▶ The task
Below are lines of records; copy exactly those from the one containing "Are you a Glasgow" through the one containing "Avant que Jean-Michel", leaving the pictures behind.

▶ Data for this exercise
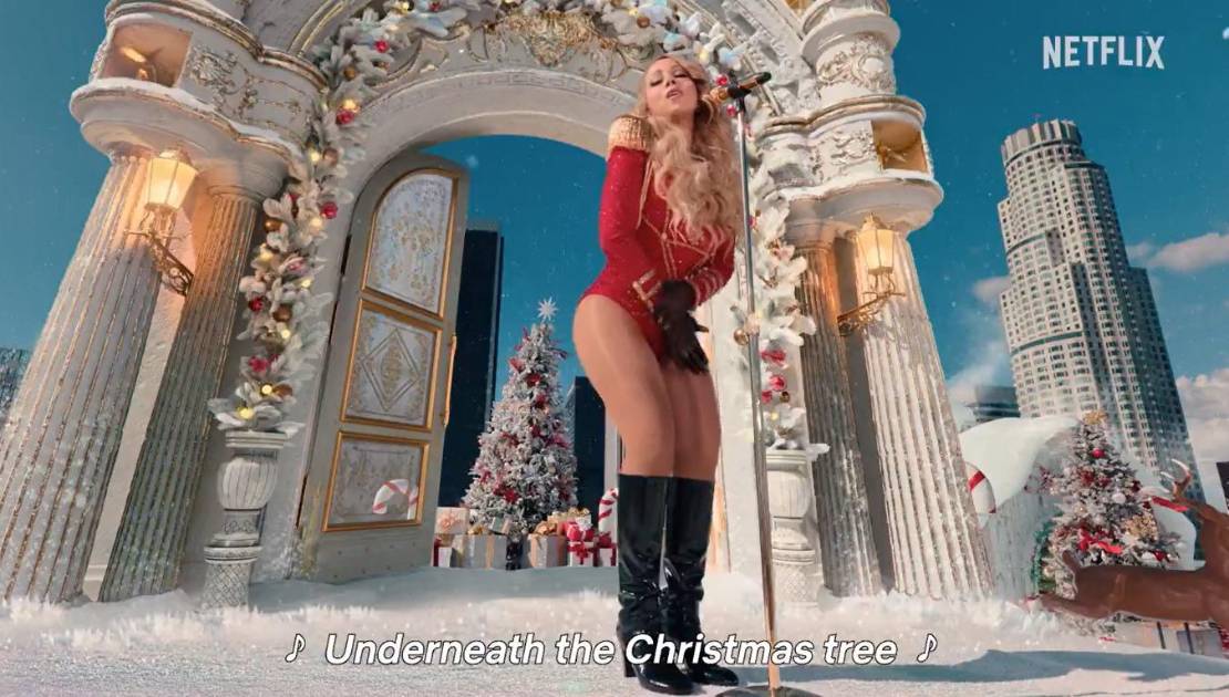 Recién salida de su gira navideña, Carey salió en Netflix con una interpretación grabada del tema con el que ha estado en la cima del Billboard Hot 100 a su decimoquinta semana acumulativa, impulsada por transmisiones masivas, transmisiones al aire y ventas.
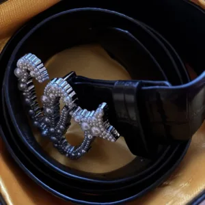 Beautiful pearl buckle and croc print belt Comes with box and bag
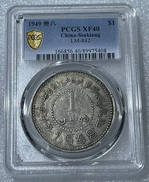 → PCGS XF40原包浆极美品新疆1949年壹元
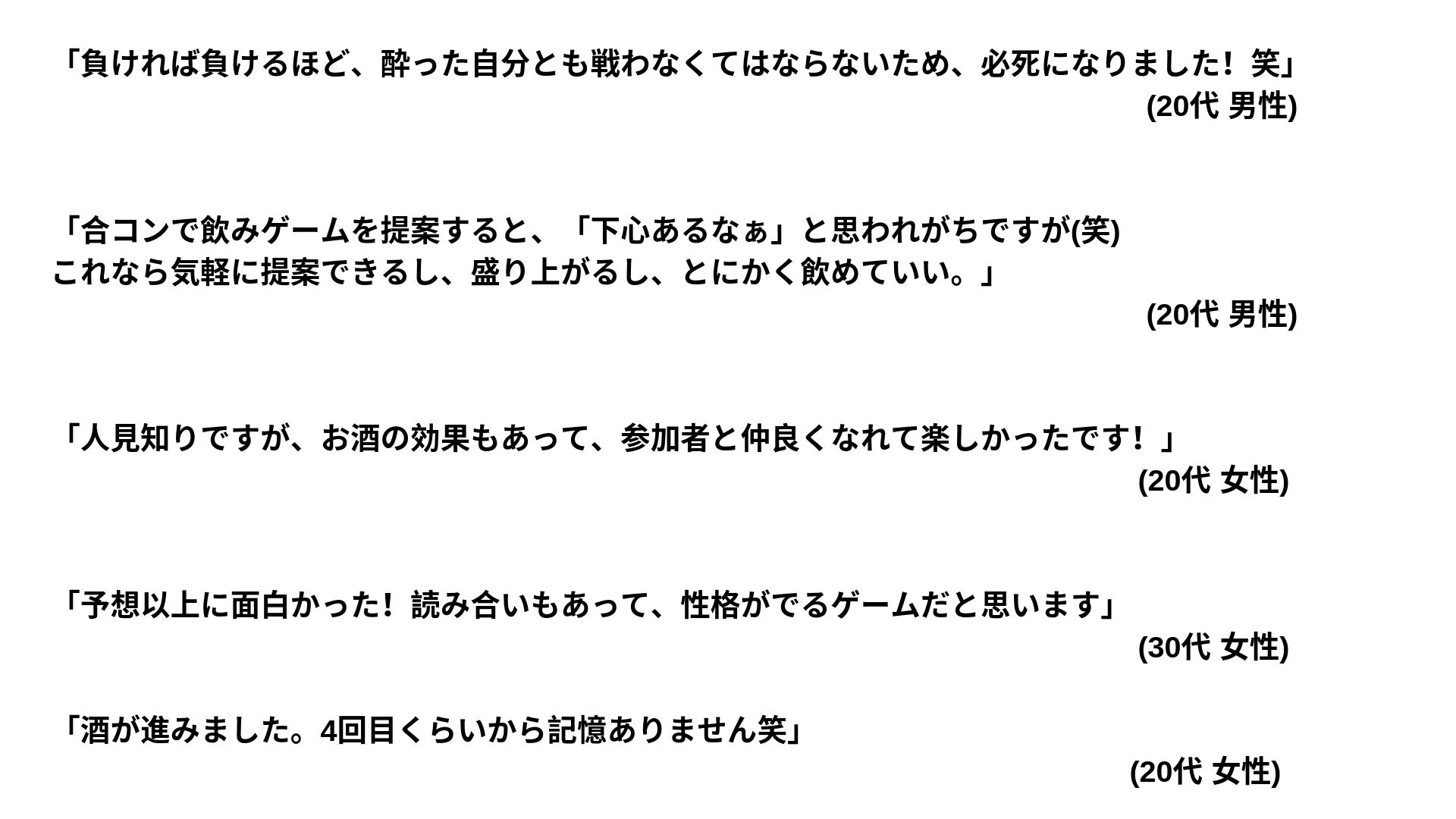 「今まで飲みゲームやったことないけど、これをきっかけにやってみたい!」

* * *

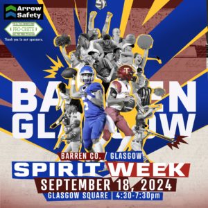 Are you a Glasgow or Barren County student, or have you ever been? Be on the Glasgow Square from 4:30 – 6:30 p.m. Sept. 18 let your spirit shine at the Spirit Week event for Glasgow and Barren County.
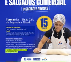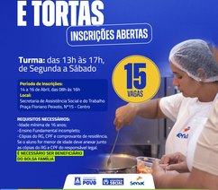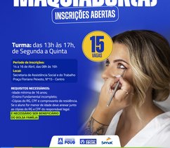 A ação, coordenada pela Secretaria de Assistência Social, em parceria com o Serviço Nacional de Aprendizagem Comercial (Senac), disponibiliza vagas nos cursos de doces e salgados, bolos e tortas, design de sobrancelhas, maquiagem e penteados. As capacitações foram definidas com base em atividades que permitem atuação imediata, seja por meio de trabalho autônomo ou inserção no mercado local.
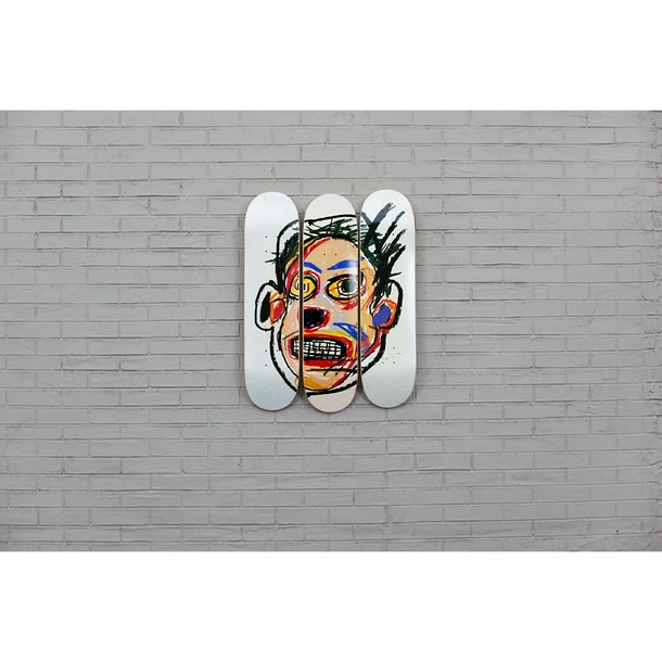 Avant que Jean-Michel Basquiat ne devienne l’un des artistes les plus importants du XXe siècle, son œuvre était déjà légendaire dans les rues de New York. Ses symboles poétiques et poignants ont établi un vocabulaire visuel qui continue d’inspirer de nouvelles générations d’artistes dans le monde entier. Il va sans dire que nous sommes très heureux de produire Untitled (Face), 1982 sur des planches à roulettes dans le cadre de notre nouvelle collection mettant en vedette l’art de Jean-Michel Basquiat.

▶ Task solution
 Are you a Glasgow or Barren County student, or have you ever been? Be on the Glasgow Square from 4:30 – 6:30 p.m. Sept. 18 let your spirit shine at the Spirit Week event for Glasgow and Barren County.
 A ação, coordenada pela Secretaria de Assistência Social, em parceria com o Serviço Nacional de Aprendizagem Comercial (Senac), disponibiliza vagas nos cursos de doces e salgados, bolos e tortas, design de sobrancelhas, maquiagem e penteados. As capacitações foram definidas com base em atividades que permitem atuação imediata, seja por meio de trabalho autônomo ou inserção no mercado local.
 Avant que Jean-Michel Basquiat ne devienne l’un des artistes les plus importants du XXe siècle, son œuvre était déjà légendaire dans les rues de New York. Ses symboles poétiques et poignants ont établi un vocabulaire visuel qui continue d’inspirer de nouvelles générations d’artistes dans le monde entier. Il va sans dire que nous sommes très heureux de produire Untitled (Face), 1982 sur des planches à roulettes dans le cadre de notre nouvelle collection mettant en vedette l’art de Jean-Michel Basquiat.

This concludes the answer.